В наши дни такие ассоциации почти полностью утрачены, но история происхождения «популизма» в США все еще наводит многих обозревателей на мысль, что популизм по крайней мере на каком-то уровне должен быть «популярным», «народным», т. е. соответствовать чаяниям самых социально неприспособленных и возвращать в политический процесс тех, кто из него исключен. Это ощущение усиливается благодаря наблюдениям за тем, что происходит в Латинской Америке, где сторонники популизма всегда подчеркивали его инклюзивный и эмансипационный характер в условиях экономического неравенства, которое на этом континенте выражено ярче, чем где бы то ни было на земном шаре.

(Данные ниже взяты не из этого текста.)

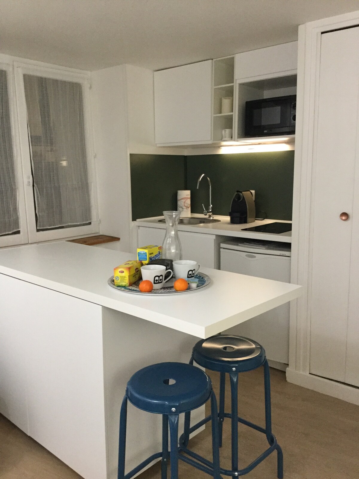 Наслаждайтесь стильным и центральным жильем. Красивая тихая квартира в 50 метрах от площади Яуде с видом на парк рядом со всеми удобствами (трамвай, автобус, подземная парковка, бар, ресторан...) Тип T2 площадью 48 м2, удобный, вмещающий до 4 гостей благодаря дивану-кровать. Здесь есть все, что нужно для проживания, и оно было оформлено со вкусом. Идеально для пар и семей, все было спроектировано, чтобы облегчить ваше пребывание и почувствовать себя как дома.

Понятно, что такие ассоциации не отменишь одним росчерком пера: исторический язык складывается так, как он складывается, и, как учит нас Ницше, четкое определение можно дать только тому, что не имеет истории. Но политическая и социальная теория не может основываться на одном конкретном историческом явлении, когда, например, всякая форма популизма тут же втискивается в шаблон, заданный американской Народной партией. Мы должны допустить возможность, что корректное и непредвзятое исследование природы популизма в результате покажет, что ряд исторических движений и акторов, открыто называвших себя популистами, следует исключить из этого анализа. Лишь очень немногие историки (и политологи, в той мере, в какой их интересуют такого рода исторические явления) решатся утверждать, что правильное понимание природы социализма требует включить в это явление национал-социализм, на том основании, что нацисты называли себя социалистами. Но чтобы определить, какой исторический опыт соответствует тому или иному «-изму», мы, конечно же, должны располагать теорией данного «-изма». Так что же такое популизм?